Using horizon: Extends predictions up to horizon days beyond the last date in the model fit.
Using min_date and horizon: Predictions start from min_date and extend up to horizon days after the fit’s last date.
Using min_date and max_date: Generates predictions for all dates within this specified range, inclusive.

The mean_delay parameter adjusts predictions for the temporal lag between infection and case observation. For example, if mean_delay = 5, the model assumes that observed cases reflect infections that occurred on average five days earlier. This adjustment ensures that estimates of growth rates ("r") and reproduction numbers ("Rt") align with the correct underlying temporal dynamics.

The parameter argument determines the type of predictions:

"obs_cases": Observed cases, including uncertainty from the model's fit.
"r": Growth rate, calculated using the centered difference between time steps.
"Rt": Reproduction number, incorporating delay distributions and convolution.

Samples are drawn from the posterior distribution of the fitted model using the gratia package. The model estimates basis function coefficients on the smooth terms $\widehat{\beta}$ and smoothing parameter(s) $\lambda$. The coefficients have the approximate joint posterior distribution $$\beta | \lambda \sim N(\widehat{\beta}, \mathbf{V}_{\widehat{\beta}})$$ where $\mathbf{V}_{\widehat{\beta}}$ is the smoothing-parameter uncertainty corrected covariance matrix of the basis function coefficients. We draw samples from this approximate posterior and multiply them by the dates of interest to generate posterior draws. If estimating "Rt" or "r" the day-of-week effect is excluded (i.e., set to zero). Further processing of these draws to generate parameters of interest is described below.

For the intrinsic growth rate, we draw one day before and one day after every day of interest. We difference these two days within the smooth to get growth in the period and divide by two to generate the discrete centered derivative.

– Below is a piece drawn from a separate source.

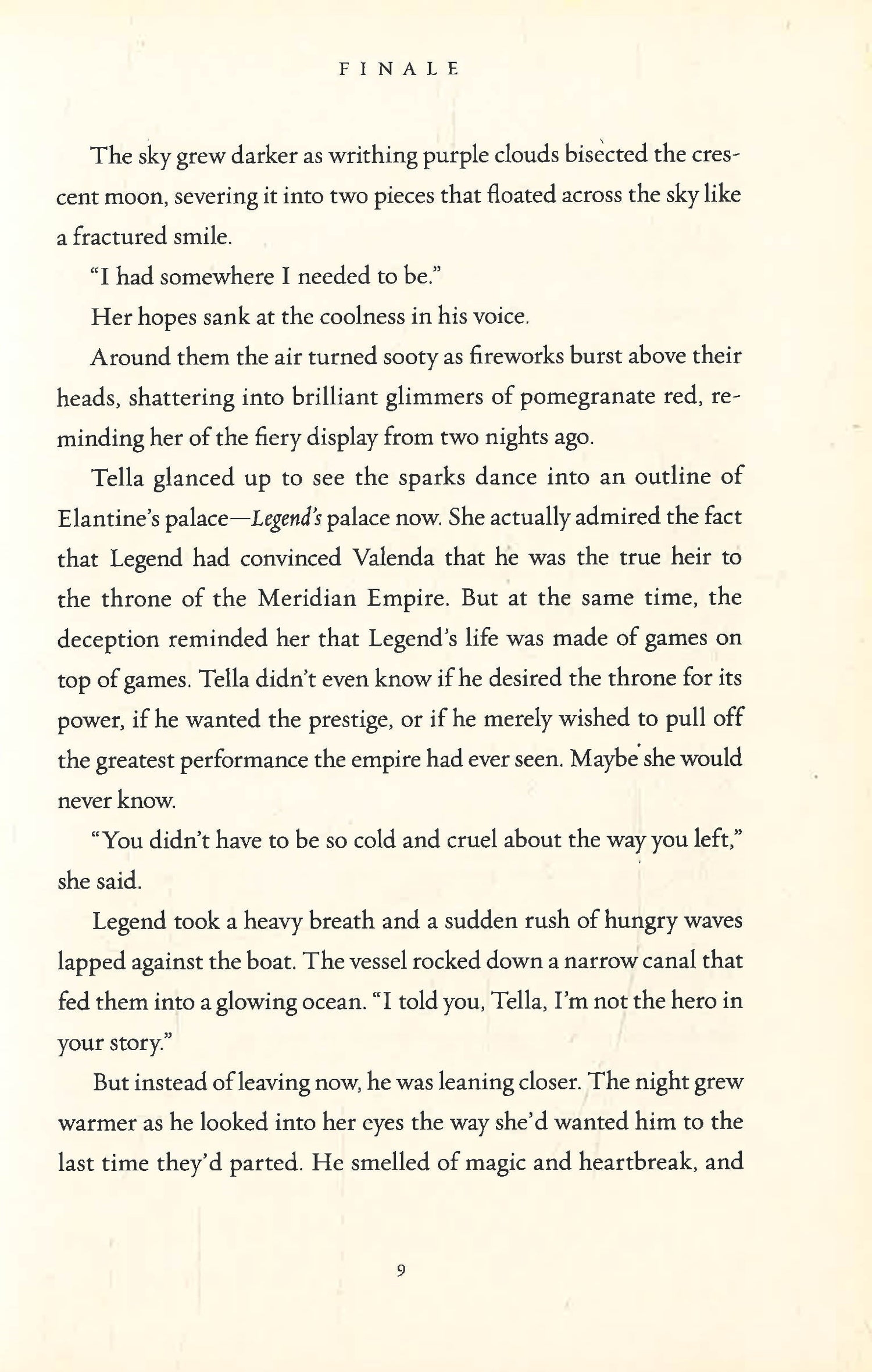 With lives, empires, and hearts hanging in the balance, Tella must decide if she's going to trust Legend or a former enemy. After uncovering a secret that upends her life, Scarlett will need to do the impossible. And Legend has a choice to make that will forever change and define him.

For the Rt we map the estimated values on the linear predictor scale back to the response scale and shift the estimated cases by the mean delay to get the estimated incident infections ($I$). We use the incident infections and the generation interval probability mass function ($w$) to estimate Rt via the Cori method: $I_t / \sum_{s = 1}^{t} I_{t - s} w_s$

For observed incident cases, we apply the estimated negative binomial observation error to the posterior expected incident cases to generate posterior predicted incident cases.

References

Miller, David L. "Bayesian views of generalized additive modelling." arXiv preprint arXiv:1902.01330 (2021).

Gostic, Katelyn M., et al. "Practical considerations for measuring the effective reproductive number, Rt." PLoS computational biology 16.12 (2020): e1008409.

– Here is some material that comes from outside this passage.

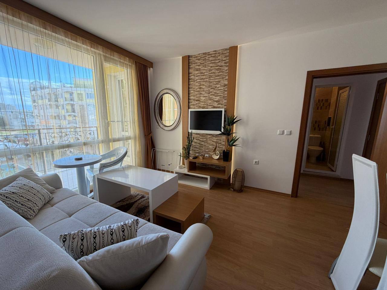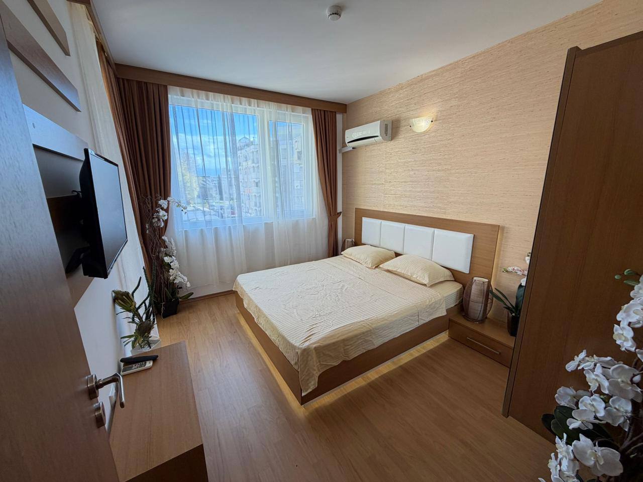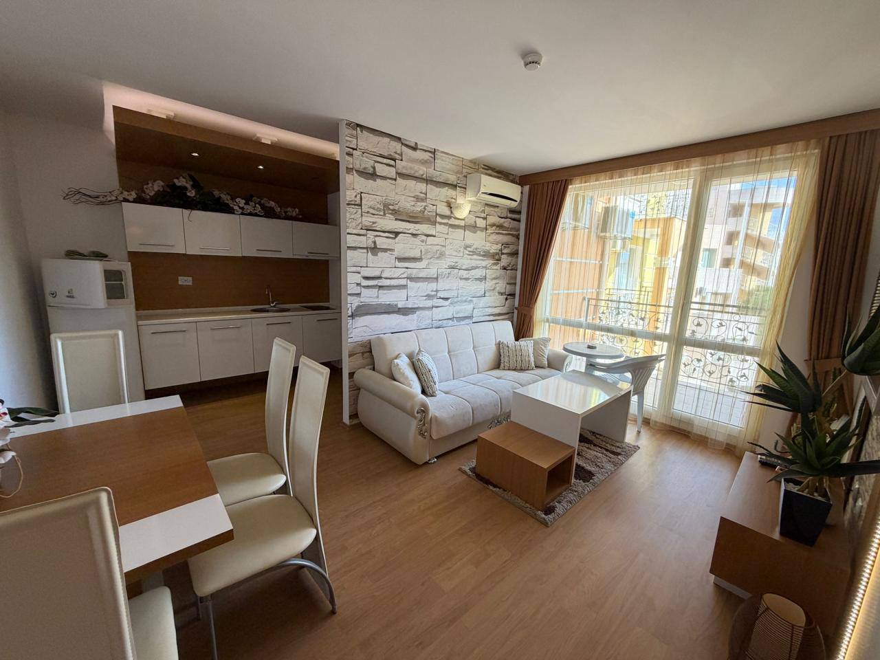 Стильная двухкомнатная квартира площадью 65 м², расположенная на 5 этаже жилого комплекса Sweet Home 1 в Солнечном Береге. Идеальный вариант для проживания и инвестиций.

Simpson, Gavin L. "Gratia: An R package for exploring generalized additive models." arXiv preprint arXiv:2406.19082 (2024).

Cori A, Ferguson NM, Fraser C, Cauchemez S. A New Framework and Software to Estimate Time-Varying Reproduction Numbers During Epidemics. Am J Epidemiol. 2013;178(9):1505–12. pmid:24043437

Wood, Simon N. Generalized additive models: an introduction with R. chapman and hall/CRC, 2017.